= The Know How =

The Know How is a third wave ska band from Gainesville, Florida, formed in 1998. Their musical style blends ska and pop punk and prominently features a Moog synthesizer, alongside more typical ska instrumentation (including an organ and usually one or more trombones).

Despite releases on Jump Up!
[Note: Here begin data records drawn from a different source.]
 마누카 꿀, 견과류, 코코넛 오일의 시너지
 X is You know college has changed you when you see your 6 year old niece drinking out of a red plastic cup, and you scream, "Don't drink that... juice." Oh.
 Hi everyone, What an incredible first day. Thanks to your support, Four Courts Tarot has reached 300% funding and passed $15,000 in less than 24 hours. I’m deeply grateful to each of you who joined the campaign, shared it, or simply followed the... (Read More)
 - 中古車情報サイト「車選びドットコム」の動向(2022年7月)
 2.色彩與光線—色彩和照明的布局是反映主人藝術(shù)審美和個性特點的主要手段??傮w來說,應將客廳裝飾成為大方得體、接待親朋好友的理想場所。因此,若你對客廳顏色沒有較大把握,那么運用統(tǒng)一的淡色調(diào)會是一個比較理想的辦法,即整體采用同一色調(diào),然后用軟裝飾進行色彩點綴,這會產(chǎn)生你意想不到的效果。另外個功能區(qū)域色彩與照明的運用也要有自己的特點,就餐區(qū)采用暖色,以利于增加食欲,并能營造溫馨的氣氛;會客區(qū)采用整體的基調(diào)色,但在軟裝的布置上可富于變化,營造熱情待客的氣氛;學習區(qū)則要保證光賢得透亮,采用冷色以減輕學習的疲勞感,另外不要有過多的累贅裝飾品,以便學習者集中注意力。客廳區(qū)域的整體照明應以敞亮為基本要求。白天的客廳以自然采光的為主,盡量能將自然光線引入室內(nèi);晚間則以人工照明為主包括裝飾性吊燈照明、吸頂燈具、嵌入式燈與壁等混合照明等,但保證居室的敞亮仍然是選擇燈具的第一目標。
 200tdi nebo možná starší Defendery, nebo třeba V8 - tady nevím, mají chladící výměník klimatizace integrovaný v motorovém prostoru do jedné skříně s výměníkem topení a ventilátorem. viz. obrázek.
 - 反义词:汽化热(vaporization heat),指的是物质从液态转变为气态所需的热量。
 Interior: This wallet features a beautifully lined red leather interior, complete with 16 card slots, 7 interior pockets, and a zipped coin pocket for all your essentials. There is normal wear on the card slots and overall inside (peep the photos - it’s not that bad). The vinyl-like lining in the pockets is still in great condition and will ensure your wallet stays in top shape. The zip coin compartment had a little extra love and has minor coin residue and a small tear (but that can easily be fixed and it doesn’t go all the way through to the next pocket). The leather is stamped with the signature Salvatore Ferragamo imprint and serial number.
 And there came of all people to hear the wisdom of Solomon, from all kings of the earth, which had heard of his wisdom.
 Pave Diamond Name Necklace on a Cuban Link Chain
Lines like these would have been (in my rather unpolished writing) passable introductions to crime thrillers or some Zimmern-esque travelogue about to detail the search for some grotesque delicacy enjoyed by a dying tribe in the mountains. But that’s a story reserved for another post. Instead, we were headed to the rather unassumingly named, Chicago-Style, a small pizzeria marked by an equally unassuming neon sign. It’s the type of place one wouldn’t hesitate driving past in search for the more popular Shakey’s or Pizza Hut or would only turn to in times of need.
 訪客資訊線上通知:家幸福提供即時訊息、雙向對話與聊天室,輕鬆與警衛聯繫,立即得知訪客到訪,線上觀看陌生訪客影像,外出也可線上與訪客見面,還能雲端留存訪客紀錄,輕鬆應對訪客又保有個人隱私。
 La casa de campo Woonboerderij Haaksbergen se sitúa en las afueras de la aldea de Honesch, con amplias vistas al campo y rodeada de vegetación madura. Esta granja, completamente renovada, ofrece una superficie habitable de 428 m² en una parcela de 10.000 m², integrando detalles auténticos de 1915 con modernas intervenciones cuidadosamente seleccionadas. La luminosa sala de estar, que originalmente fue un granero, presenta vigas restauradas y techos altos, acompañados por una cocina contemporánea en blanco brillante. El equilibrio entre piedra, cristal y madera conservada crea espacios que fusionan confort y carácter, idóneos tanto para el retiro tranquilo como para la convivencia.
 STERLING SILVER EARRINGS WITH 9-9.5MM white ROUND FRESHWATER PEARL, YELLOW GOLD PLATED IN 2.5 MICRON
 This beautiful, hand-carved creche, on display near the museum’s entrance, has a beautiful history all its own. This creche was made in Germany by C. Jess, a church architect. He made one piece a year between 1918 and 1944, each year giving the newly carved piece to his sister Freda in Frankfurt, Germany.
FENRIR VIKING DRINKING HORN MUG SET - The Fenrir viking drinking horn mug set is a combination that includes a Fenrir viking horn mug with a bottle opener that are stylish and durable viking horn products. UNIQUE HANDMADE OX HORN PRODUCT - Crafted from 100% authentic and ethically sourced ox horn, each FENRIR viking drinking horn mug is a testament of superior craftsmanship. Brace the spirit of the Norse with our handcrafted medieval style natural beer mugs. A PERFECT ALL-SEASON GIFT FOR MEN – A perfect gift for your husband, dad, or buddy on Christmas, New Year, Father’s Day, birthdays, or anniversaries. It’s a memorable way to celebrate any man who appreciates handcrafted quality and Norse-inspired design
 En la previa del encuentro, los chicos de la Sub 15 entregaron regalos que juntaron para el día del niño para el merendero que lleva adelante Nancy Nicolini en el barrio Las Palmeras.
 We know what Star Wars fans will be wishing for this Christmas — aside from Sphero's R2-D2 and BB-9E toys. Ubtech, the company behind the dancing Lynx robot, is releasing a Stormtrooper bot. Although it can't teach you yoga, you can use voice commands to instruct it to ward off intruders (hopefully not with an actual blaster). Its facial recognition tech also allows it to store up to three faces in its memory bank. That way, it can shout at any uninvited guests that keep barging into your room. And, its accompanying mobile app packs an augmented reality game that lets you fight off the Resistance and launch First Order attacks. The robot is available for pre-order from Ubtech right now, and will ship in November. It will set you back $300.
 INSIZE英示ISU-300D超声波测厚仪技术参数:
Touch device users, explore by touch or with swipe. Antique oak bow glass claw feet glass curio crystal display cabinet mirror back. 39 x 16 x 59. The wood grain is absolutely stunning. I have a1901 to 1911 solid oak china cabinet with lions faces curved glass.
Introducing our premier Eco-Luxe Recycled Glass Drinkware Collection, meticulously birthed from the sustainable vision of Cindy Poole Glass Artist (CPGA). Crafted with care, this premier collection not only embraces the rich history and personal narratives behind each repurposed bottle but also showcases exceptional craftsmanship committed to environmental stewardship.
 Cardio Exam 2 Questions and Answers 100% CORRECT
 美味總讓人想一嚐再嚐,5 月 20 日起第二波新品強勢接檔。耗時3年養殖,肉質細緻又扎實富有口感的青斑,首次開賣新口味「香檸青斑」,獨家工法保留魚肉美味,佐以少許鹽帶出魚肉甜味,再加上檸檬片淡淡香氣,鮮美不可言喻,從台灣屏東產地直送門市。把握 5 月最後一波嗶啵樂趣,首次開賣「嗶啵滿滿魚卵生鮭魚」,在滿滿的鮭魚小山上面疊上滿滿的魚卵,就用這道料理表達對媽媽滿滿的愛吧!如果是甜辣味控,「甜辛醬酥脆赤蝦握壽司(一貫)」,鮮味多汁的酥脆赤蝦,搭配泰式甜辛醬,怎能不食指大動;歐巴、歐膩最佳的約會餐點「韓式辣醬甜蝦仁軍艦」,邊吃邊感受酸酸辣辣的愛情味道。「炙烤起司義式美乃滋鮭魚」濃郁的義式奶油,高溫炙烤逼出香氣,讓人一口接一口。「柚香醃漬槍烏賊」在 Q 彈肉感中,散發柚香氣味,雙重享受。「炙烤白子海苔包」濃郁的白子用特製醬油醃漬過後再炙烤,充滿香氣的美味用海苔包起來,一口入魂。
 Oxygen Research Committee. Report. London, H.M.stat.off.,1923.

Records and Stomp Records, numerous nationwide tours (including appearances on the 2005 Warped Tour as well as the second and third Ska Is Dead tours), the band took a long hiatus after their final shows in Gainesville on February 16 and 17, 2007. The band cited financial strains, tour fatigue and fluctuations in the supporting lineup as contributing factors.

The Know How held a reunion show on July 3, 2010 in Gainesville, Florida at the 1982 Bar and played to a sold-out audience.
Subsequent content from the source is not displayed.